Bose–Einstein and Fermi–Dirac statistics versus Boltzmann statistics

It was remarked in Chapter 2, §2.1, that there are circumstances in which the “Boltzmann statistics” for an ideal gas – the approximation in Eq. (2.6), in which the total partition function is decomposed into a product of single-molecule partition functions, with division by N1! N2! … to correct for particle identity – is inaccurate even if the gas is still ideal (non-interacting particles). That happens when the number of single-particle states within the energy kT of the ground state is no longer very much greater than the number of particles. (Recall Fig. 2.1 and the accompanying discussion.)

We noted that when the Boltzmann statistics is no longer an adequate approximation one must distinguish the particles as fermions, no two of which can be in the same single-particle state (counting states of different spin as different), or as bosons, for which there is no restriction on multiple occupancy of the singleparticle states.
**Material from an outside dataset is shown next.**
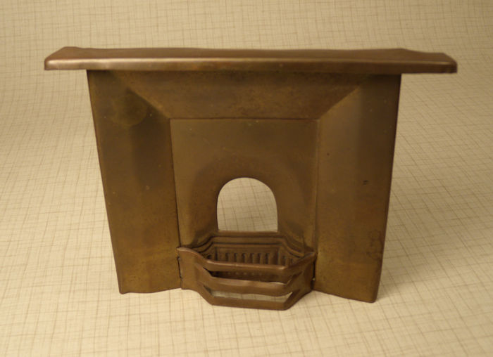Very interesting and unusual brass fireplace that has an attached coal fender. Age is c. 1890-1900, 1" scale: 4" high, 4" wide at base and 5" wide at mantel. Wonderful, early patina...I have not polished it, but left the early patina as it is. All brass, possibly English made. I have not seem one like this before. Very nice condition with no breaks, shows a few very minor dents, commensurate with its age.

Fermions are particles of half-odd-integer spin quantum number; they could be composite particles consisting of an odd number of spin-½ particles. Protons, neutrons, and electrons, all of which are of spin ½, are fermions. Bosons are particles of integer spin; they could be spinless, or of spin 1, etc., or could be composites consisting of an even number of fermions. The nuclei of helium atoms of mass number 4 consist of two protons and two neutrons, and the neutral atom has two electrons outside the nucleus; 4He atoms are bosons.